First, the ARC and IDiA provide an unprecedented opportunity for training and collaboration in scientific analyses. The test-subject students were exposed to critical skills in mathematics, statistics and programming in an immersive and collaborative environment.
They were at liberty to discuss, share and work on their projects in a safe and robust programming environment. This sort of intervention can be deployed at a larger scale, and can provide a training environment for anyone with an internet connection. Additionally, the students experienced a first glimpse of tools and techniques that will provide them with an advantage in their future careers in academic institutions or industry.
Second, this cloud-based intervention showcased a lean, information technology (IT)-on-a-diet approach, while retaining a high-degree of technical flexibility. The virtual machine was designed and deployed in a matter of hours, and required only the interaction between a single technical specialist and the scientific researcher. Indeed, one of the aims of ARCADE is to deliver a framework that does not require an IT technical specialist, but is deployable using standard recipes and a few mouse-clicks.
In this respect, we are drawing alongside commercial solutions that are available at a financial premium.

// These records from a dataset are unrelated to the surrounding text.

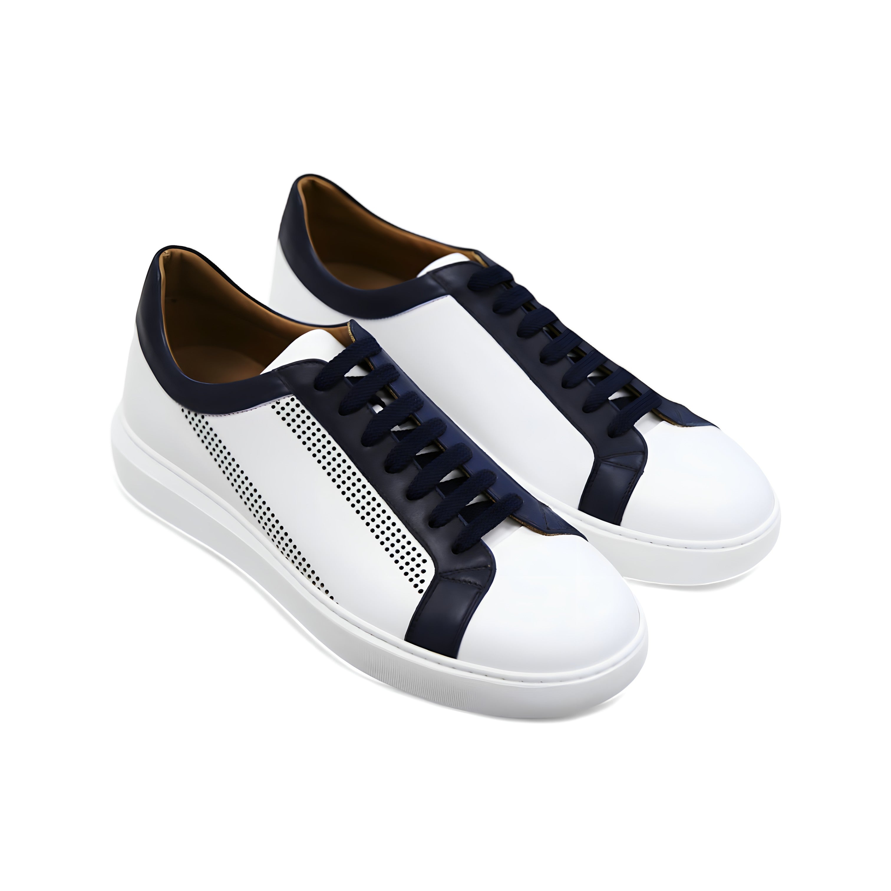 • Donatello Deron Men's Shoes White & Blue Calf-Skin Leather Casual Sneakers (DON1001)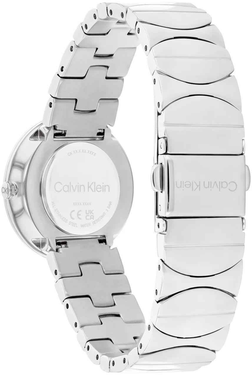 Накладные метки в виде штрихов. Прямоугольные стрелки в стиле Baton. Секундная стрелка отсутствует. Заводная головка украшена логотипом ''CK''. Стальной браслет со звеньями волнообразной формы. Раскладывающаяся застежка с двумя кнопками и логотипом бренда Calvin Klein.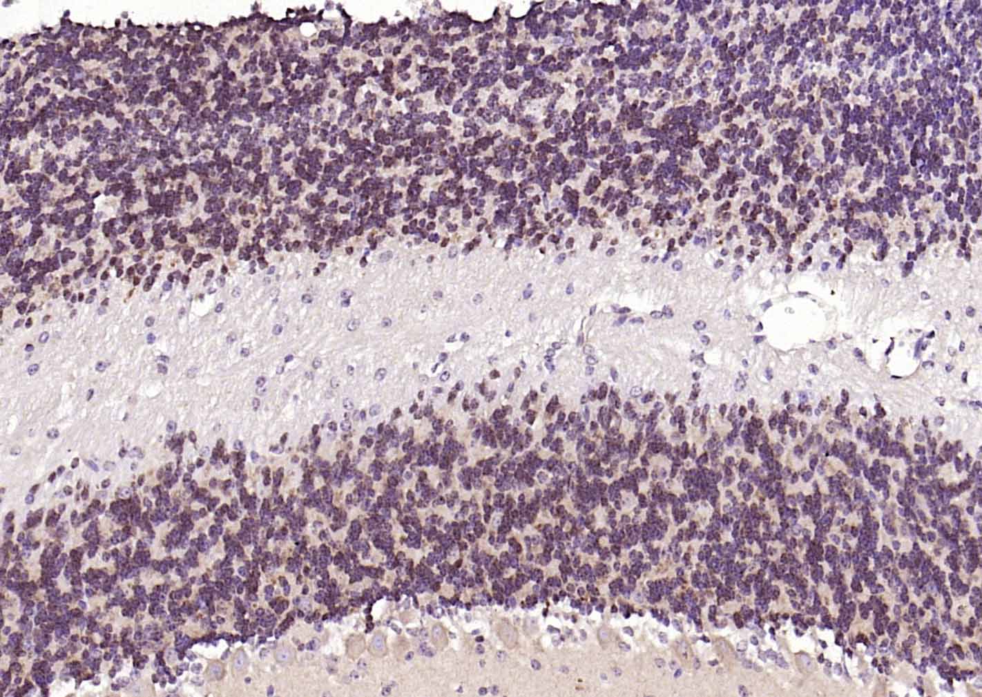 Paraformaldehyde-fixed, paraffin embedded (mouse cerebellum); Antigen retrieval by boiling in sodium citrate buffer (pH6.0) for 15min; Block endogenous peroxidase by 3% hydrogen peroxide for 20 minutes; Blocking buffer (normal goat serum) at 37°C for 30min; Incubation with (NeuN) Polyclonal Antibody, Unconjugated (bs-1613R) at 1:200 overnight at 4°C, followed by operating according to SP Kit(Rabbit) (sp-0023) instructionsand DAB staining.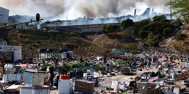 A factory burns in the background while empty boxes litter the foreground from looted goods being removed, on the outskirts of Durban, South Africa, Wednesday, July 14, 2021. (Photo | AP)

Our studies will provide easily accessible solutions for smaller projects that can benefit from large-scale designs for well-defined science projects.

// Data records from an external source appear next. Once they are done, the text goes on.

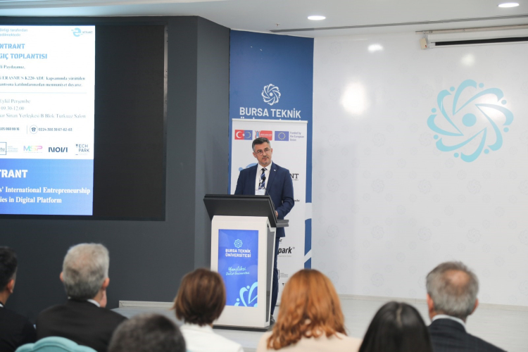 Bursa Teknik Üniversitesi bünyesinde faaliyet gösteren Bursateknopark'ın ERASMUS KA220-ADU Programı kapsamında desteklenmeye hak kazanan “Enhancement of Incubators' International Entrepreneurship and Trade Abilities in Digital Platform” (ENTRANT) projesinin başlangıç toplantısı yapıldı. Mimar Sinan Yerleşkesi Turkuaz Salon'da yapılan tanıtım toplantısına BTÜ Rektörü Prof. Dr. Naci Çağlar, Rektör Yardımcıları Prof. Dr. Sinan Uyanık ve Prof. Dr. Barış Tamer Tonguç, BUSİAD Yönetim Kurulu Başkanı Buğra Küçükkayalar, BUİKAD Yönetim Kurulu Başkanı Şeyda Şençayır, BUİKAD Yönetim Kurulu Başkan Yardımcısı Nazan Akıncı, BTSO Girişimcilik ve Üniversite-Sanayi İşbirliği Konsey Başkanı Hakan Hacızade, paydaş kurumların temsilcileri, iş insanları ve çok sayıda davetli katıldı. Programın açılışında konuşan Rektör Naci Çağlar, BTÜ'nün yapay zekâ, robotlar ve akıllı sistemler başta olmak üzere birçok alanda başarılı projelere imza attığını kaydetti. Rektör Çağlar, “En başarılı girişimlerimizden biri olan ENTRANT Projesi, Ekim 2023'te Ulusal Ajansa sunuldu ve Şubat 2024'te destek aldı. Bu projenin koordinasyonunu sağlayan Teknopark yönetimimiz Bursateknopark'a ve partnerlerine teşekkür ediyorum. Buradaki varlığınız çalışmalarımıza büyük değer katıyor ve biz de sizin fikirlerinizden faydalanmak için sabırsızlanıyoruz. Bu başlangıç toplantısında paylaşılan fikirlerin ve oluşturulan iş birliklerinin hepimize önemli katkılar sağlayacağına inanıyorum” dedi.
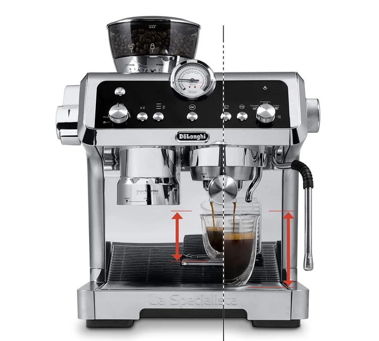 DeLonghi a conçu cette machine expresso La Specialista 2.0 Prestigio EC 9355.M pour permettre à tout le monde de devenir barista à la maison et de réaliser toutes sortes de boissons caféinées. En plus des technologies et des points déjà évoqués, voici d’autres caractéristiques à tenir en compte. Une buse dédiée à l’eau chaude (différente de la buse vapeur) pour le thé ou un Americano simplifié. Un plateau amovible pour vos tasses ou verres (jusqu’à 120 mm de haut).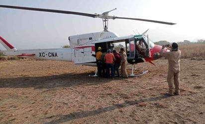 El helicóptero MI-17, con helibalde con capacidad para 2 mil 500 litros, ha realizado seis descargas de agua, con corte hasta las 10:00 horas. En estas acciones participan cinco elementos: cuatro de la Marina y uno de la Conafor.

A similar project in bioinformatics will help researchers who are investigating, for instance, the relationship between genetics and disease. Their work involves not only dealing with data in large volumes, but detecting relationships that are highly specialized in certain molecules. Big data analysis can do this kind of sifting and identifying work in a relatively short time.

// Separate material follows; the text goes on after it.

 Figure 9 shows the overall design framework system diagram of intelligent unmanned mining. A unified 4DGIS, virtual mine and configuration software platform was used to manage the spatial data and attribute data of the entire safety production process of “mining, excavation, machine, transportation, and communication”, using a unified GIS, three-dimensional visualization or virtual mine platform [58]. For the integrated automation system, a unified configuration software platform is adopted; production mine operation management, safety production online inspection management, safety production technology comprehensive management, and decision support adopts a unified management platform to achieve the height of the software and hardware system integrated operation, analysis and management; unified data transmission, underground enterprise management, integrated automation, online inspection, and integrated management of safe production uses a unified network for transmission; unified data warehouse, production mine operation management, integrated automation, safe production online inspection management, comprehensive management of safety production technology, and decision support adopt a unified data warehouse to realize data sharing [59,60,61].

One such strategic project, based at UWC, will implement a platform for tuberculosis surveillance in Africa, to glean insights into the dynamics of tuberculosis infection. Such an approach can ultimately assist in rolling out cost-effective diagnostic technologies and health interventions. The pilot project involves researchers as far afield as Ghana, South Africa, Uganda and Zimbabwe, but the plan is to involve more countries once the pilot project is completed.
Making Africa’s voice heard
A potential breakthrough in malaria medicine demonstrates the kind of difference big data computing can offer to African science. In 2012, researchers at UCT’s Drug Discovery and Development Centre (H3D) identified a molecule that showed great promise of not only becoming part of a single-dose cure for malaria but also possibly blocking transmission of the malaria parasite from person to person through mosquito bites.
The first part of their work on this project, however, took place at Griffith University in Australia, where scientists with big data capacity screened an initial group of about 36,000 small molecules. When those compounds had been narrowed down to several hundreds, a team of scientists from H3D took over the project and further explored the antimalarial potential of the various chemotypes (or chemical classes).
The candidate molecule is now in the clinical trial process, with a second next-generation back-up candidate also identified and expected to enter the same process in due course. Globally many small molecules have been screened in a similar manner, paving way for exploring new, potential medicines against malaria.
This type of multinational cooperation is part of the modern research landscape around the world. With the development of big data capacity and the ARC, African science will be able to bring a more substantial contribution to such partnerships and influence new breakthroughs based on the data gleaned from projects such as the SKA. It is opening a new door of opportunity.
Russell Taylor is the director of IDiA and Joint UCT/UWC/SKA chair. Bradley Frank is a lecturer at UWC and a senior researcher at IDiA.
This piece was produced by SciDev.Net’s Sub-Saharan Africa English desk.